In any event, this case does not require the court to consider whether pleadings are categorically excluded from the definition of communication for § 1692c purposes, because the case can be decided under the factors discussed in Gburek on the precise ground that Defendants raised in their motion for judgment. Considering the Gburek factors, which include whether there is a demand for payment, the nature of the parties' relationship, and the objective purpose and context of the communications, I conclude that Defendants' reply filed in state court was not a communication made to a debtor in connection with the collection of a debt. First, although Plaintiff notes that the reply demands judgment in favor of the creditor, I give this fact little weight. This is not a communication to a debtor demanding payment on a debt in the traditional sense, it is a communication to the court demanding judgment. Second, although the parties' relationship arose out of Plaintiff's creditor-debtor relationship with Defendants' client in the state case, and although Defendants can themselves be considered debt collectors for FDCPA purposes, the relationship at issue for present purposes is one of opposing litigants, not merely that of creditor and debtor.
Finally, and by far most importantly in the commonsense analysis dictated under Gburek, the context and purpose of the "communication" at issue here weighs against finding that the reply was a communication in connection with the collection of a debt. As noted, Plaintiff argues that the purpose of the reply was to prosecute the state action, which itself was an action on a debt, and therefore Plaintiff believes this factor weighs most heavily in his favor. Broadly speaking, Plaintiff has a point. But at this level of generality, any filing in the state case would be considered in connection with the collection of the alleged debt. I believe Gburek's commonsense approach requires a more fact-specific inquiry such that the question is the purpose and context of the particular communication at issue. The context of the reply was that it was required to be filed under Wisconsin rules of civil procedure once Plaintiff filed the answer and counterclaim.

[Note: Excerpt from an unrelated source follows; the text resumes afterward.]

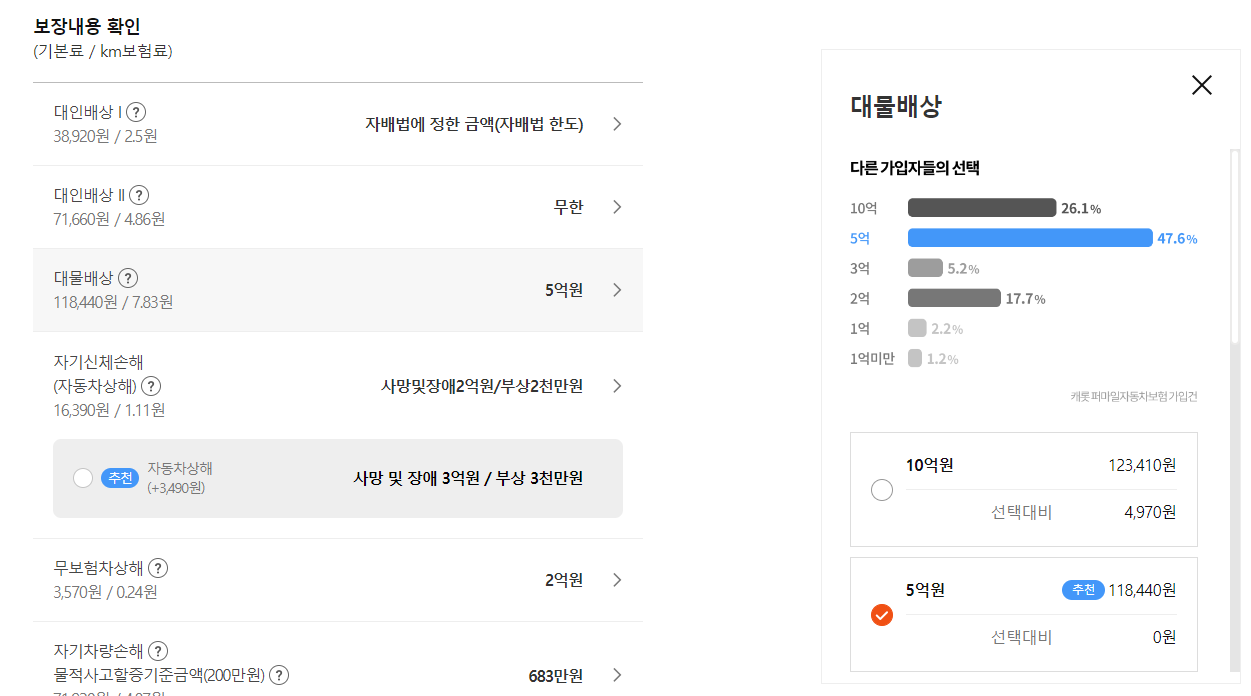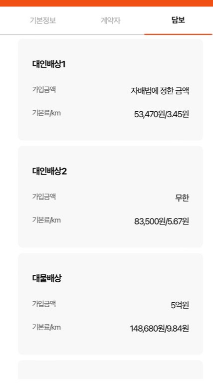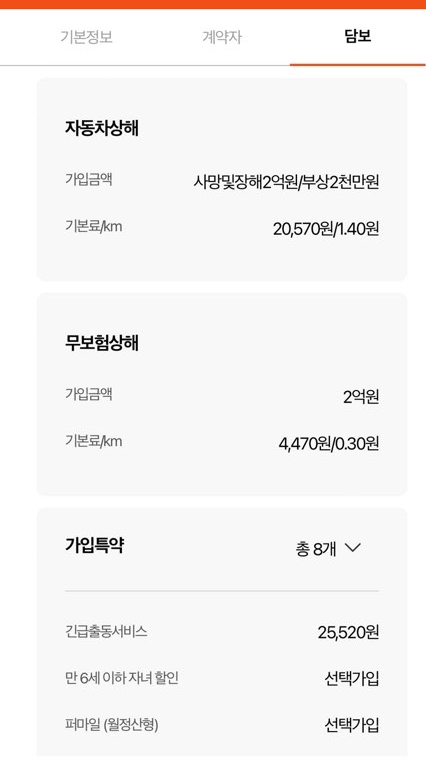 담보에 따라 킬로당 보험료가 달라집니다.

The purpose of the reply was to respond to the claims in Plaintiff's counterclaim and avoid defaulting on those claims. Viewed in this light, it is clear that the only thing the pleading had to do with the collection of a debt is that it was filed in a debt collection case. This alone is not sufficient to meet the threshold requirement that the communication upon which the claim is based be made "in connection with the collection of any debt."
For all of these reasons, Defendants' motion for judgment on the pleadings is GRANTED and the case is DISMISSED. The Clerk is directed to enter judgment forthwith.
SO ORDERED this 30th day of December, 2015.